Speller is equipped with all the letters of the alphabet including some punctuation mark like periods, exclamation points, and commas, etc. This is the base data it needs to get its' work done. You can also see from the image that its' goal is identified which is an important item needed for a successful genetic algorithm. An important thing to note is how each sequence it makes, it determines its' new fitness score for that sequence. The closer it gets to the goal the higher the fitness score. Here are some more examples
How was this possible? SPELLER figured out on its own how to spell the target word by using its' own feedback called its' fitness. A fitness function in evolution terms is essentially what evolutionists call the selection process. In natural selection, the best and the strongest win the day and is allowed to proceed with its existence. In evolution, selecting the best of organisms can ensure the organism selected is more likely to reach its goal. In life, our goal is survival of the human species, In computation, our goal is whatever the human desires! The evolution theory says that when you apply evolution to human biology, over time you get us. The idea is to apply the same genetic evolutionary concepts to our software problems.

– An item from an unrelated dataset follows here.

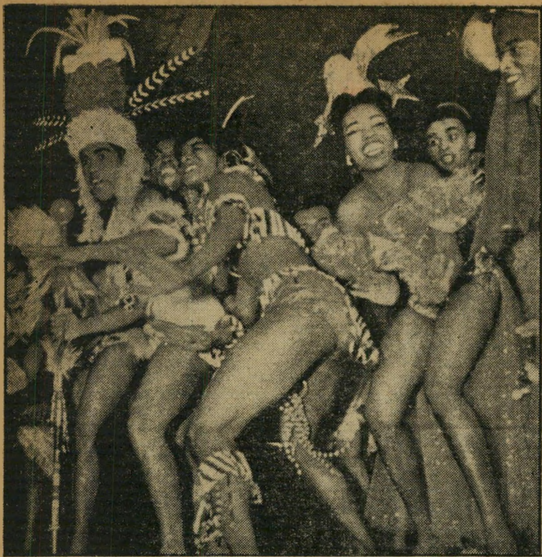
להקת בראזיליאנה בפעודה מקוריות בושית מתוצרת יהודית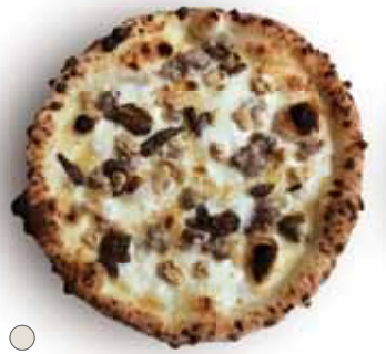
○ ノルチーナ 1,280 Norcina サルシッチャ、クルミ、ボルチーニ、トリュフオイル Salsiccia, Walnut, Porcini, Truffle Oil

Applying Evolutionary concepts to SPELLER's algorithm looked like this...
- Fetch the desired goal from the user and set that as the target.

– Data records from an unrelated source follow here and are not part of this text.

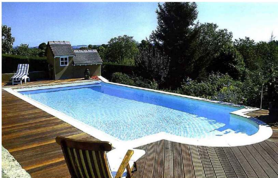
1- Cette vaste piscine, réalisée à l'aide de panneaux en polypropylène à coffrage perdu, domine l'ensemble du jardin. La douce clarté de la margelle contraste avec la chaleur du bois et fait agréablement ressortir les lignes pures et harmonieuses de ce bassin. Magiline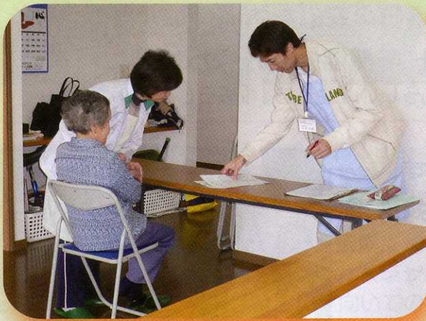
バイタルチェックで体調確認

編集発行 社会福祉法人 匝瑳市社会福祉協議会 匝瑳市八日市場ハ793番地35 (市民ふれあいセンター内) TEL 0479-73-0759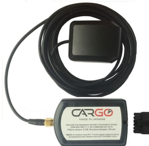
Рисунок 2. Зовнішній вигляд Cargo Light 2 (ext)\Cargo Mini 2 (ext) з підключеною антеною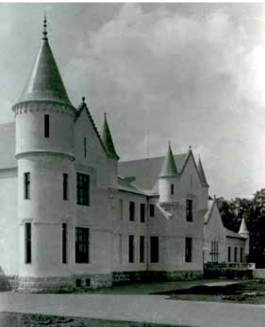
Vaade lossi tagafassaadile 20. sajandi algul

Karjamõisad: Kesklahe ( Kesklacht ), Lahe ( Lacht ), Rupsi ( Rupsi ), Vanamõisa ( Althof )

- Fetch all the data necessary( This data can be considered the Gene Pool. Some even call it the population. It is everything the algorithm would need to use to solve the problem. In this case it's the letters of the alphabet.)
- Generate a random sequence of genes that are the same length of the desired target. (This is where the need for random generation comes in. The more random the better.)

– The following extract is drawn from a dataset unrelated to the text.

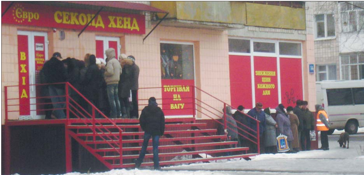
Черга за секонд-хендом за 40 хвилин до відкриття магазину

Люди вдягаються на секонд-хенді не тому, що їм так хочеться, а тому, що більшого не можуть собі дозволити. А вже сьогодні левову частину доходів «з'їдають» комунальні платежі та харчі. На одяг грошей практично не залишається. Така думка звучала у більшості покупців, із якими вдалося поговорити у ма-

- Score the generated gene sequence in comparison to the target. If the fitness is higher than SPELLER's current fitness it should keep that gene set, while continuing to march toward its ultimate goal. If however, it finds that its current gene set is not good enough, it discards it and generates a new gene set. Then it starts the whole process all over again until the target is reached.
The fitness function is the heart of any genetic algorithm. It is the algorithms only feedback for how well its' performing. This is a big deal because applying these principles allows for truly autonomous problem solving. Now imagine coupling this technique with neural networks. Sure SPELLER is trivial, but the same concepts can be expanded to solve a much harder class of problems. In fact, genetic programming will probably be the thing that replaces the need for manual programming as a whole really soon.
WHY ELIXIR/ERLANG IS IMPORTANT
Evolution is a process. It takes a large amount of time to come up with a fit organism. Some even argue that evolution is never really complete. Within our computer systems, we want them to get to a solution within our lifetime. Depending on the type of AI system we might need it to respond with results in milliseconds! Time is of the essence.
Genetic Algorithms and Neural Networks REQUIRE sufficient processing power and parallelization. Concurrency is necessary because its ideal to have a system explore multiple possibilities or possible solutions at the same time. This allows it to find the best choice when given a specific search space. The search space can be 1 in 10 or 1 in 1 million, it makes no difference how large or small the problem is. The system would still need to process all those possibilities quickly and accurately. Concurrent & Parallelized thinking is what makes AI systems as powerful as they are.
Elixir/Erlang makes us think in terms of concurrency. This is a good thing because Machine Learning and genetic algorithms only make sense in a concurrent distributed world. The next few posts we will explore merging these genetic algorithm concepts with neural networks to create self-learning systems that are capable of problem-solving on their own. We will also explore several ways I've experimented with making them perform much faster using the Erlang ecosystem.